Successful installation of the first three AGATA triple clusters at Legnaro National Laboratories: our eyes to look into the nucleus
The first experimental campaign with the gamma-ray tracking array AGATA will start at Legnaro National Laboratories (LNL) this spring. The campaign is led by the GAMMA group in the framework of a large international collaboration involving the main European countries and it will use the intense stable beams provided the Tandem-ALPI-PIAVE accelerator complex. AGATA is the most advanced gamma-ray detector in the world. It is made of segmented hyper-pure germanium crystals, and it is conceived as a modular detector array which, once completed, will host 60 triple clusters. This instrument allows one, from the analysis of the electric signal shapes coming from the germanium crystals, to track the single gamma ray inside the crystal with a spatial resolution of few mm.

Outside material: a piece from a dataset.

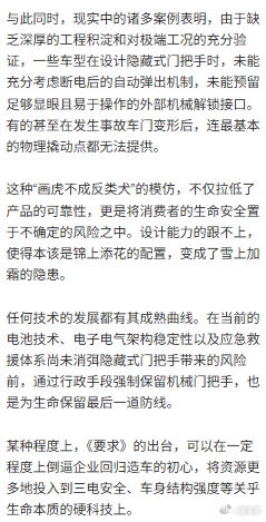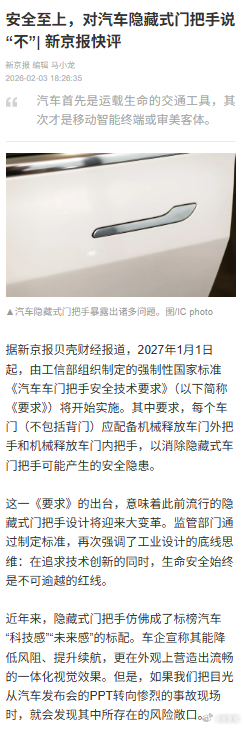 【安全至上对汽车隐藏式门把手说不 | 新京报快评】车门把手核心功能必须是确定的开门在车辆发生严重碰撞导致全车断电起火的危急关头,外部救援人员面对光秃秃的车门无从下手,车内人员因机械解锁机构复杂难寻而错失逃生良机。为了那微乎其微的风阻系数优化和潮流追赶,却让宝贵的生命困在“打不开的车门”前,这无疑是本末倒置。

AGATA will enable the exploration of exotic nuclei produced in heavy-ion collision with unparalleled efficiency and sensitivity. In a first phase at LNL, AGATA will be coupled to the PRISMA large-acceptance magnetic mass spectrometer and to other ancillary detectors for charged particles, neutrons and high-energy gamma rays or for the measurement of lifetimes of excited nuclear states. The first three triple clusters of AGATA have been successfully installed together with the system to support their functioning and the electronics for signal treatment. By the beginning of the experimental campaign, up to 13 triple clusters will be installed, covering about one fourth of the solid angle. This number will then be extended in coming years until arriving at a coverage of half of the solid angle for the subsequent phases of the experimental campaign.